If approved by the regulatory authorities, the second phase trials would commence next year. They will involve up to two or three hundred patients with multiple sclerosis, spinal cord injury, and phantom limb pain, said Dr Guy. By the end of the final Phase III trials a total of around 2,000 patients will have taken part. The main studies should be completed in 2002.

"Subject to the necessary regulatory approvals, we hope to have a cannabis-based medicine available for prescription by doctors within three to four years," Guy said. GW Pharmaceuticals is licensed by the British Home Office (Interior Ministry) to grow, possess and supply cannabis for medical research. Dr Guy personally potted GW Pharmaceuticals' 20,000th cannabis plant on August 24 this year. The plants are housed in a highly secure and environmentally controlled glasshouse at a secret location.

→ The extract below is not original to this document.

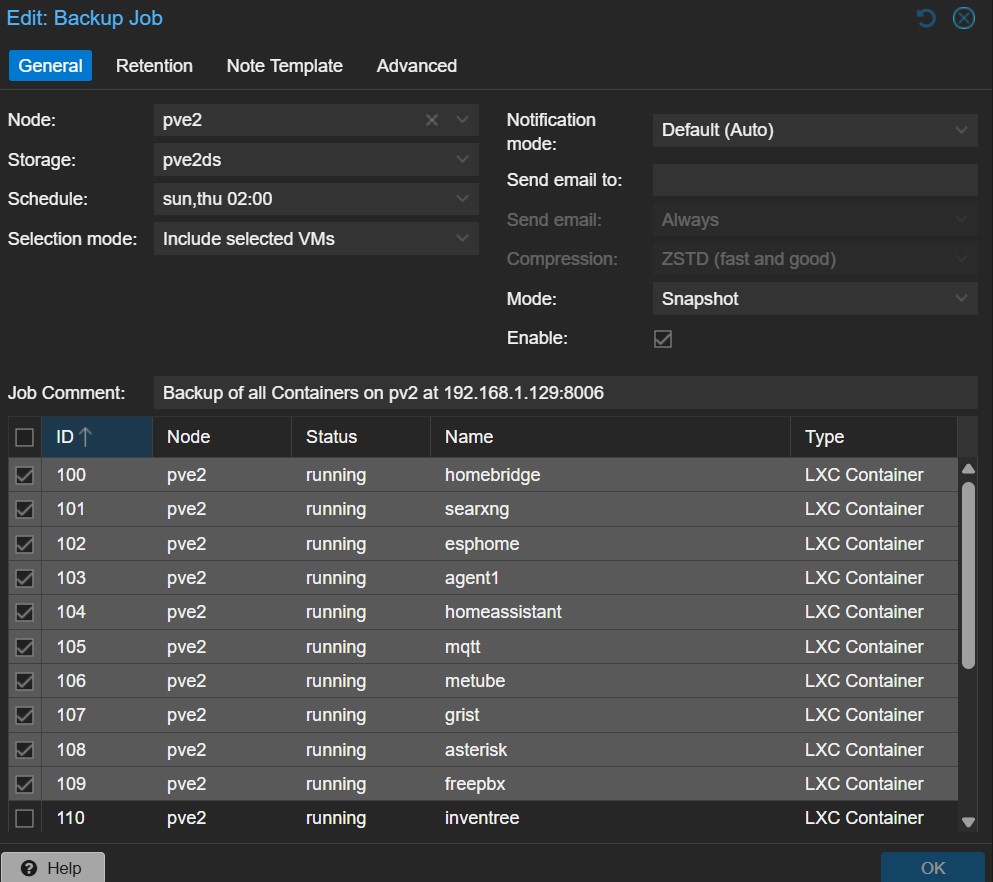 There are numerous different profiles of Backups and the image below shows that I have gone for choosing selective VM/LXC to be backed up. Only these will be backed up and in accordance with the Schedule, twice per week, on Sunday and Thursday at 2:00 am (‘sun, thu 02:00).

(Sources: Reuters of 16 November 1999, PA News of 16 November 1999)

News in brief

Spain:
Under the title "El cáńamo ante el nuevo milenio" (HEMP before the new millennium) the second meeting "La Bella Flor" was celebrated at the Faculty of Law of the University of Málaga from 29 to 31 October, arranged by ARSECA (Asociación Ramón Santos de Estudios del Cannabis de Andalucía). On Friday afternoon possible medical applications of the HEMP plant were discussed with lectures by Dr. Ricardo Navarrete Varo and Dr. Manuel Guzmán, professor of biochemistry and molecular biology at the Complutense University of Madrid.
(Source: Personal communication by Ricardo Navarrete Varo of ARSECA)

USA:
Two advocates of the medicinal use of marijuana pleaded guilty on 19 November to growing more than 6,000 plants and selling the drug, saying their only hope was to ask for a judge's mercy after they were precluded from raising medical issues in their defence. Peter McWilliams and Todd McCormick, intended to tell jurors about the state law passed by voters in 1996 allowing marijuana use for medical purposes, its purported benefits and their own health. Mr. McWilliams has AIDS, and Mr. McCormick has fused vertebrae from childhood cancer treatments.
(Source: New York Times of 24 November 1999)

Canada:
A banner has been created to help the defence team of Renee Boje, an American woman fighting extradition to the USA to face drug-conspiracy charges in a legal battle in Canada. She has claimed refugee status. Boje, 30, was arrested in 1997 outside the Bel Air mansion of Todd McCormick, where police said she was seen watering and moving some of the 4,000 pot plants being cultivated there. Banner site: www.safesafe.com/reneeboje

Europe:
Around 40 million people in EURope have tried cannabis at some time in their lives but heroin is still the main problem drug, a report on narcotics abuse in the EURopean Union said on 22 November. Between three and five million people in the bloc have tried heroin, the Lisbon-based EURopean Monitoring Centre for Drugs and Drug Addiction (EMCDDA) said in its annual report which was launched in Berlin. There are between one and 1.5 million "problem" drug users in the EU out of a population of some 375 million, it said. In countries with high levels of regular cannabis use, such as Germany, Britain or the Netherlands, the number of users had stabilised or even fallen.